On a clean, cold Sunday afternoon, I bundled up to take a walk around the neighborhood, continuing my journey to Maple Grove Cemetery. My first stop was the neighborhood 7-Eleven.

I walked down the stairs and outside the apartment, turned left, and started down the block. I saw what seemed to be Captain America’s shield tossed onto a pile of black trash bags. (It turned out to be a round, patriotically upholstered footrest, but for a second…).

I quickly overtook a plodding, plump middle-aged woman wearing sky-blue New Balance running shoes, turned left on Brevoort, and walked until reaching the fenced Long Island Rail Road tracks, where the haunting sounds of air horns moan at night. They always transport me to our frontier era of brash, bold beginnings. Manifest destinies for some, sorrow and woe for others.

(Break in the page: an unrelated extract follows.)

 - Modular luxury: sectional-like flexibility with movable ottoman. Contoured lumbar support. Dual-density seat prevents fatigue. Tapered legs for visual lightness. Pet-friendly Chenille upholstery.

Turning left on Cuthbert I walk towards Lefferts. I pass a brick pre-war, the curb filled will a long line of garbage bags. Four people — canners, I suspect — were going through the bags in a very orderly manner, neatly tying them up once the plastic bottles were taken out. Some canners are homeless, but others, I read somewhere, are taxi drivers making extra money now that Uber and Lyft have flooded city streets, slashing their income. (True confession: I resisted using Uber for a couple of years but the NYC Taxi Curb app was such a spectacularly poor experience that I caved).

On Lefferts I spot the 7-Eleven. Its gabled roof and tan stucco façade blended in with the classic Victorian-era architectural style of that stretch of the boulevard, melding with the original design elements of Kew Gardens’ beginnings.

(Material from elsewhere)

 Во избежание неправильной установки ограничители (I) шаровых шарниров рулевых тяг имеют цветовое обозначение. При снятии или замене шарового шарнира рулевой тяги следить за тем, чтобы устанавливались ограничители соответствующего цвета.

I walk inside and look around. Jesus H. Christ, it’s a freakin’ holy temple to American food addictions. And other addictions. Entering you see a plexiglass tower containing thirty different Lotto scratch-off games. Count’em man, thirty.

And stuck on top of this gambler’s ziggurat, an American flag. See what I mean?

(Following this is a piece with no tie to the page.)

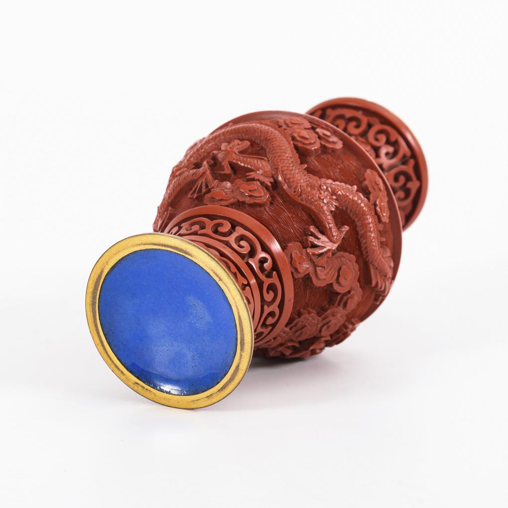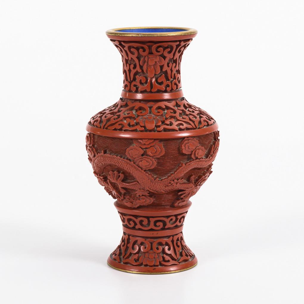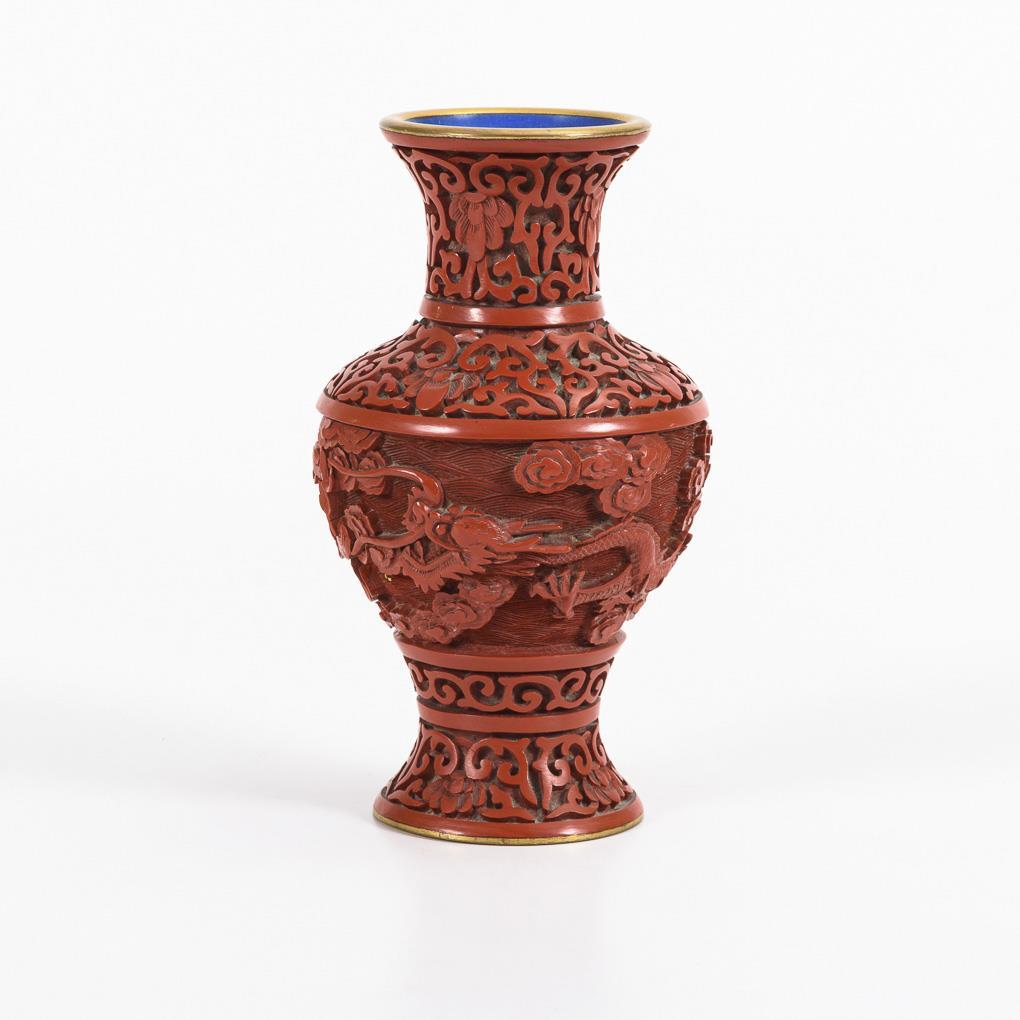 Kleine Balustervase mit reliefiertem Drachendekor.

I walk around. Everything is lowest common denominator. Cheap and crappy. A pantheon to high-fructose corn syrup and hydrolyzed vegetable oil.

Every aisle seems a variation of the same junk food theme:

Hot fried food and salty chips

Sugary drinks

Loads of “healthy” energy bars of questionable health value

Donuts (I do eat the glazed and chocolate-covered ones sometimes, yum).

Various oversized cans of “beah” (As the stadium beer hawkers at CitiField say: “Hey, getcha beah heah!”)

I went to the checkout area and bought some TicTacs. The customer after me, carrying a six-pack, asked for a bag after paying. The cashier was spoiling for a fight:

“You want a bag, you pay for it. Not for free. Fifty cents!”

The young man, a bit bewildered at the hostile tone, muttered under his breath, “Fine, I’ll pay.” He glanced at me, widened his eyes, and shook his head, as if to say, can you believe this dude. I glanced down, pursed my lips together, shook my head in agreement, and went outside.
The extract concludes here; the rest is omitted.